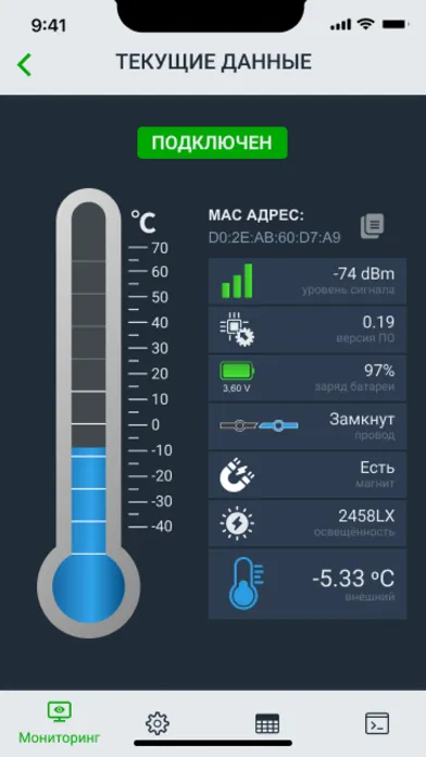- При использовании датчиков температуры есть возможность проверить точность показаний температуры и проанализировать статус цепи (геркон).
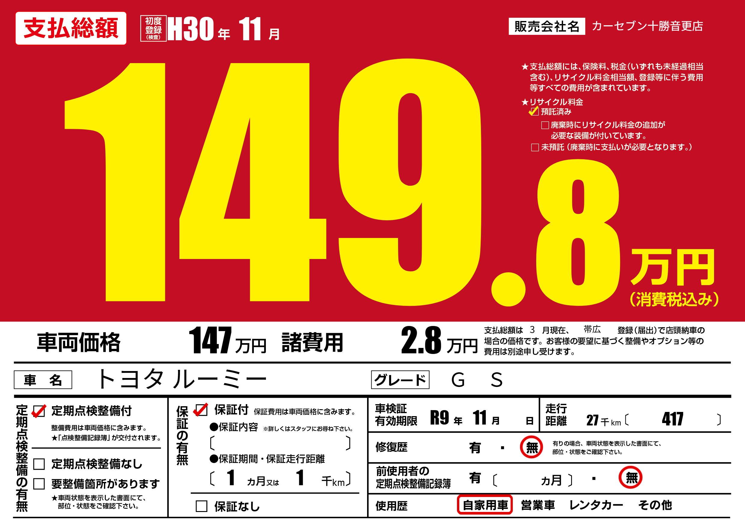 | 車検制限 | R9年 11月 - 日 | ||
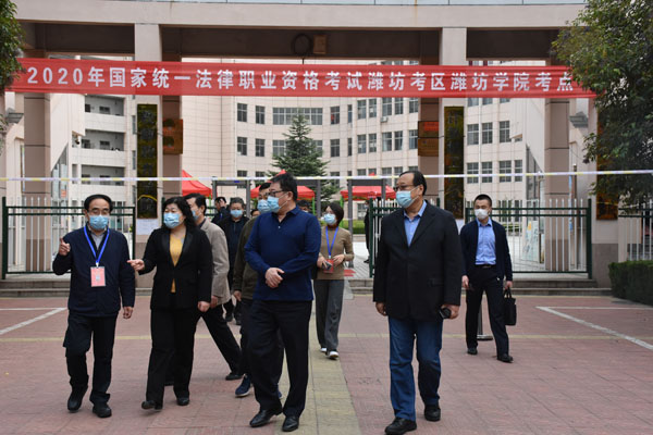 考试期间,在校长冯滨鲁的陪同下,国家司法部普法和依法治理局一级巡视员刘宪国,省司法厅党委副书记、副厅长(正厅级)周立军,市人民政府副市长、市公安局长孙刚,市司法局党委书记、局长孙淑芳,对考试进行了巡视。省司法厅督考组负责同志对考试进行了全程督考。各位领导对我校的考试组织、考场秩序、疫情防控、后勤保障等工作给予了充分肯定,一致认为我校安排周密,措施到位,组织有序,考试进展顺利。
--
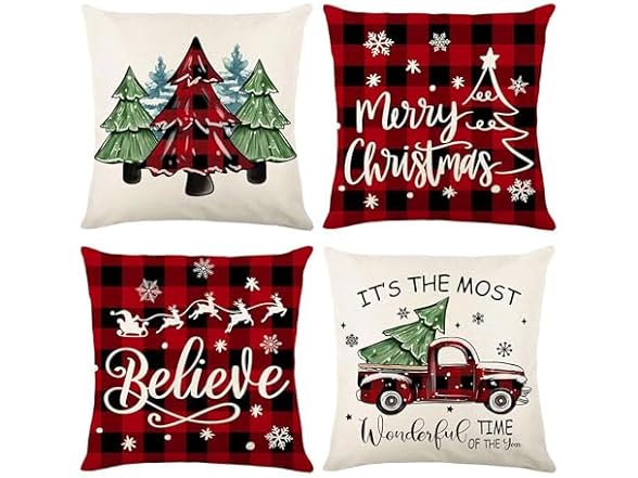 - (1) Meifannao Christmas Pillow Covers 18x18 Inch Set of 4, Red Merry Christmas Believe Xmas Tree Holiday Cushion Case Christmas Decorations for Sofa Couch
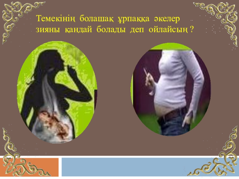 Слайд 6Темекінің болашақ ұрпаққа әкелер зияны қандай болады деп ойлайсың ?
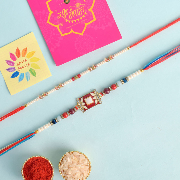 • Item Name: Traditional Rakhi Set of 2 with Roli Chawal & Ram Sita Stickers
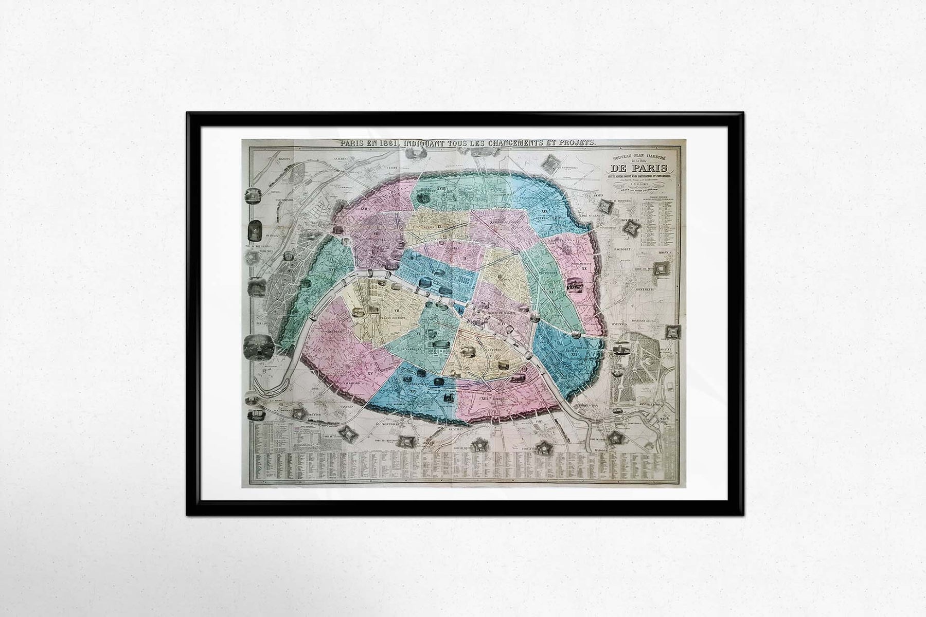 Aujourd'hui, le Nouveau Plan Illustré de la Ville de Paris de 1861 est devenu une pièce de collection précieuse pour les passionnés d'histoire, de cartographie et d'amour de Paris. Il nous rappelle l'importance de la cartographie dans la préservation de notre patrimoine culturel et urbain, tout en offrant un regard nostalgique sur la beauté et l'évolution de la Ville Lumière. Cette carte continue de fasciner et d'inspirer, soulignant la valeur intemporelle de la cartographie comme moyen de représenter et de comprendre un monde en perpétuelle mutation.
--
Your copy should hold the lines from the one with "- (1) Meifannao" up to and including the one with "Aujourd'hui, le Nouveau", exactly as in the data above, and no pictures.

 - (1) Meifannao Christmas Pillow Covers 18x18 Inch Set of 4, Red Merry Christmas Believe Xmas Tree Holiday Cushion Case Christmas Decorations for Sofa Couch
 Слайд 6Темекінің болашақ ұрпаққа әкелер зияны қандай болады деп ойлайсың ?
 • Item Name: Traditional Rakhi Set of 2 with Roli Chawal & Ram Sita Stickers
 Aujourd'hui, le Nouveau Plan Illustré de la Ville de Paris de 1861 est devenu une pièce de collection précieuse pour les passionnés d'histoire, de cartographie et d'amour de Paris. Il nous rappelle l'importance de la cartographie dans la préservation de notre patrimoine culturel et urbain, tout en offrant un regard nostalgique sur la beauté et l'évolution de la Ville Lumière. Cette carte continue de fasciner et d'inspirer, soulignant la valeur intemporelle de la cartographie comme moyen de représenter et de comprendre un monde en perpétuelle mutation.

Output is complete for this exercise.